To determine ETc, ETo is multiplied by a crop coefficient (Kc). These crop coefficients are basically a “fudge factor” to represent the fraction of ETo that the actual crop experiences. Kc values will vary during the growing season as the canopy develops and then senesces, usually peaking around veraison, holding steady and then dropping near or after harvest. Kc values have been computed and published by many researchers for many different crops, including grape vineyards. However, they are prone to error and we have found, using soil moisture as our guide, that we can irrigate far less than the amount ETo*Kc produced without long-term loss of soil moisture. So, actual Kc is likely substantially lower than published values of Kc are telling us based on our experience.
In fact, last year we ran some REAL ET eddy covariance measurements and compared them with ETo computed from nearby weather stations and found effective Kc values of around 0.35 for a full canopy in three vineyards, compared with published values of around 0.6. That’s a big difference!
Surface renewal has been a popular method of ET determination in recent years. While surface renewal is a valid micromet method, we should caution that it is not a direct ET measurement. Rather, it is based on a surface energy budget (Fig. 4). Let me explain. The energy budget of a field (or any other part of the Earth’s surface) is comprised of four basic flux components:
1) Net radiation flux, Rn, which is the amount of solar radiation that provides energy to the surface (downwelling radiation minus reflected radiation)
2) Ground heat flux, G, which is energy that warms the surface of the soil and penetrates into deeper levels
3) Sensible heat flux, H, which is energy dissipated into the air by heating of the air from soil and leaves and is transported into the ambient environment by turbulence, just like water vapor is
4) Latent heat of evaporation flux, LE, which is energy used to evaporate water from liquid into vapor, which is then transported into the ambient environment by turbulence, just like sensible heat is.

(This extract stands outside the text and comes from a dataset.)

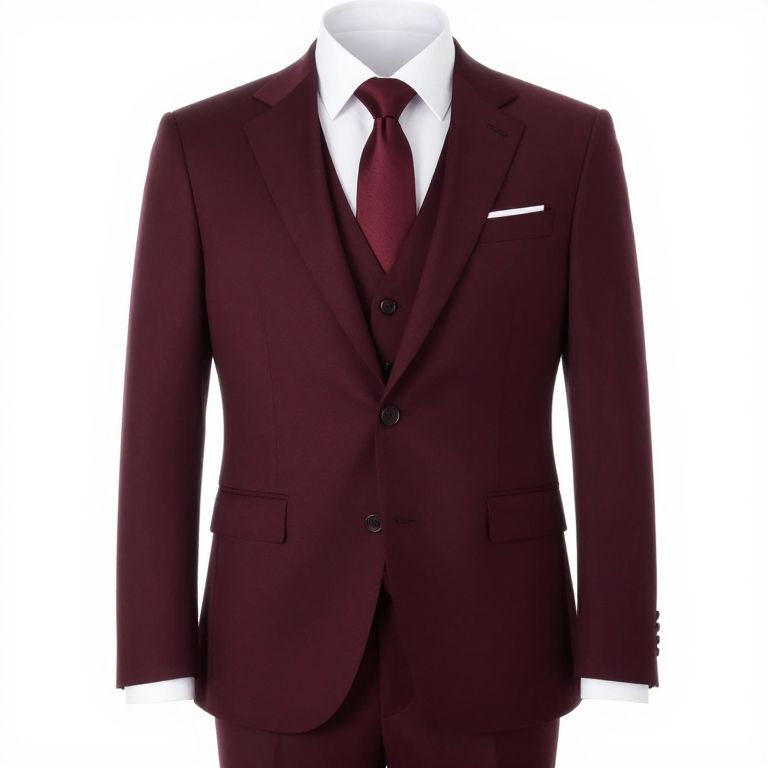 Burgundy formal men's suit featuring a three-piece ensemble with a slim-fit blazer, peaked lapel, matching vest, and trousers, complemented by a crisp white shirt, burgundy tie, and pocket square, presented against a clean white background.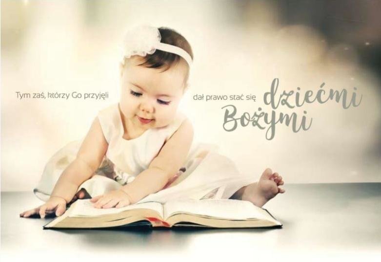 Kartka składana z kopertą.Kartka zawiera tekst:Tym zas którzy Go przyjęli, dał prawo stać się dziećmi Bożymi.Kartka, w której możesz wpisać dowolny tekst lub życzenia na dowolną okazję. číst celé

The surface renewal approach measures not latent heat flux or water vapor flux, but it measures sensible heat flux. To determine latent heat flux, and from that, evaporation flux, the energy budget is used to net out that term. Usually, the other two terms, Rn and G, are estimated, and whether or not estimated or measured, each term in the energy budget equation represents a source of potential error. The net of it is that surface renewal is prone to error, unlike eddy covariance, which is a direct measurement of water vapor movement and does not require any assumptions or models.
Are there any limitations on where eddy covariance can be used?
Yes, there are limitations, which are pretty much the same limitations that surface renewal has. The field needs to be a decent size – large enough to provide a few hundred feet of upwind fetch to the sensor. This is to allow the flow field to stabilize and avoid edge effects, like from roads and ponds. And while the field should ideally be flat, sloped fields can be used as long as the slope is relatively consistent. We tested the LI-710 over some uneven and sloped vineyards last year and got good readings from those, but site selection is important and tiny little “island” vineyards are simply not candidates. This is true for both surface renewal and eddy covariance sensing techniques.
That said, most commercial-scale vineyards will be able to use this new device and we look forward to rolling them out to early adopters in this and upcoming growing seasons!